Atlantic Puffins are declining in southern Iceland, as their main food supply, the sand eels, moves north. This also is affecting Arctic Terns.

Some alcids live all over the Northern Hemisphere, while others are much more localized For instance, while I saw Common Murres in both Iceland and Washington, every other species was unique to one of the locations. If you are looking for alcids, I suggest you start in Alaska, which is home to 17 species alone!

 

Birding the Galapagos

As we watched these male frigate birds ardently advertising for a mate, a female landed next to one of them. Let the family begin! (photo by Sneed B. Collard III)

Almost exactly two years ago, our family was fortunate to visit the Galapagos Islands. Braden and I eagerly anticipated the birds we might see, but weren’t sure what birding might be like in one of the world’s most famous places. Our findings? That while the Galapagos is full of fascinating birds to see, it is one of the world’s best places to think more deeply about birds, their evolution, and behavior.

Upon arriving, the first thing we noticed is how tame Galapagos birds are. Many, after all, evolved with few predators to worry about, and this was clearly demonstrated as we hiked within a few feet of nesting Blue- and Red-footed Boobies, Magnificent Frigatebirds, and a sublime Galapagos Dove. Even Yellow Warblers hopped around our feet seemingly without fear. Just try getting close to one in Montana! This close proximity, of course, was great for photography, but also for watching bird behaviors up-close.

Watching these flightless (Galapagos) cormorants perform their intricate mating dance was one of many unexpected, delightful birding surprises we experienced in the islands. (photo by Sneed B. Collard III)

One time, we stood thirty feet from four or five male frigatebirds sitting in stick nests that they had built. When a female flew over, the males all spread their wings, puffed out their gular pouches, and “rattled” their beaks. It was their way of shouting “Choose me!” It worked too! As we watched, a female landed next to one of the males to begin the “dating” rituals.

The most interesting Galapagos birds were the finches. Perhaps the drabbest, least noticeable birds in the islands, the finches played a key role in helping Charles Darwin tease out the basics of evolution by natural selection. How? When he visited the islands in 1835, he collected many animal specimens—including finches—from the different islands. Back in England, a colleague informed him that the finches actually included many different species. This, along with observations he’d made on Galapagos tortoises and other species, helped Darwin realize how different habitats and conditions can shape animals and create new species.

One Galapagos finch that Darwin missed is the Coke-swilling Finch—a rare species we were lucky enough to see in action! (photo by Sneed B. Collard III)

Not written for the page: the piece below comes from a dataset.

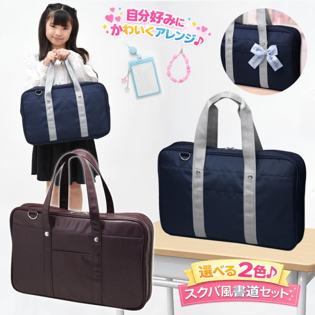 ◆スクールバッグ風のデザインがかわいい書道セットです。ネイビーは布地、チョコレートブラウンは合皮です。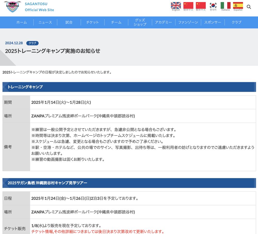◆ サガン鳥栖 2026トレーニングキャンプ

During our visit to the islands, Braden and I barely got started learning to identify the different finches, but we soon began to distinguish between larger and smaller species. Evolution has especially acted on the birds’ beaks, both in size and shape, as the beaks are a key to what size seeds and other foods the birds can eat. Not surprisingly, the beaks have formed the basis of long-term studies by modern scientists, as documented in one of my favorite books, Jonathan Weiner’s excellent The Beak of the Finch: A Story of Evolution in Our Time. Check it out—and if you ever get a chance to visit the Galapagos, jump on it. It will permanently alter your perspective on birds and life on our amazing planet.